The latest tax reform lowered the corporate tax rates and at the same time eliminated many corporate business tax credits. This is an excellent idea, in general, as it would give corporations additional money to invest in their companies as they see fit rather than be incentivized to invest the money as the government would prefer.
I was, however, dismayed to see that one credit kept in the law was the research tax credit. In my years working with this credit at the IRS as one of the National Coordinator’s for the research credit issue for the Appeal’s Division I can tell you that this is one credit that needs to be eliminated.
First, the law is very poorly written with what qualifies for the credit so ambiguous that no one, even the tax professionals, can tell just what qualifies. This has led some unscrupulous practitioner firms to attempt to qualify all manner of research that almost certainly was not intended to qualify by Congress.

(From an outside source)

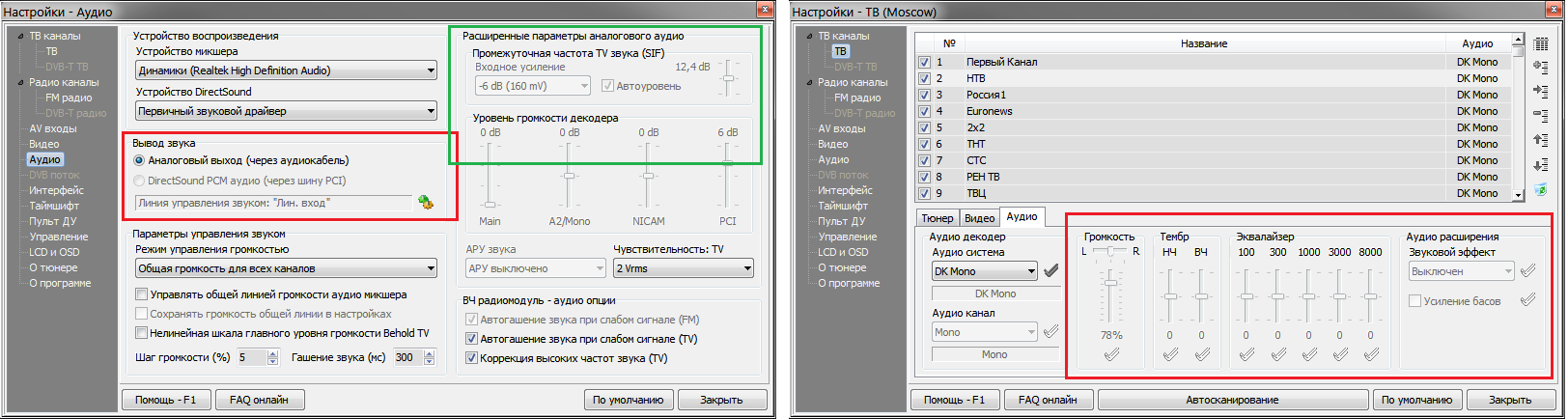 Настройки микшера воспроизведения и линии управления звуком также актуальны и в том случае, когда используется передача звука по системной шине. Несмотря на то, что управление громкостью и гашение звука при этом реализовано исключительно программными средствами через DirectSound, программе Behold TV всё равно необходимо знать, к какому входу аудиоплаты подключен тюнер, т.к. при передаче звука по шине аудиоплата не управляется и выбранный вход должен быть отключен. Помимо выбора микшера, при воспроизведении звука средствами DirectSound актуальна ещё одна настройка тюнера - DirectSound устройство вывода звука. Если в компьютере установлено несколько звуковых карт, то программе тюнера обязательно нужно указать, через какую аудиокарту (DirectSound устройство) воспроизводить звук. Название аудиокарты как правило фигурирует в полном названии DirectSound устройства и может совпадать с названием аудиомикшера.

Activities that I saw attempted to be qualified during my time at the IRS included time spent deciding the most optimal size of armholes for sleeveless dresses, determining the proper depth to dig sewer or cable lines and time spent determining the proper number of lanes for routine road construction. None of these activities should be incentivize through a research tax credit as they were routine activities that produced no material innovation.
The current research tax credit statute defines qualified research as an activity related to discovering information through a systematic experimentation process to overcome a technical uncertainty that has a goal of producing a functional improvement in a business component. It is the relatively low standard of “overcoming an uncertainty” that tempts taxpayers/practitioners to attempt to qualify questionable activities. There is limited case law that sheds some light on what activities might qualify but the rulings have been somewhat inconsistent and have left the question of exactly what is qualified research very vague. In fact, the number of court cases to address qualified research have been relatively few as neither the Government or Taxpayers really want to litigate the question due to the uncertainties.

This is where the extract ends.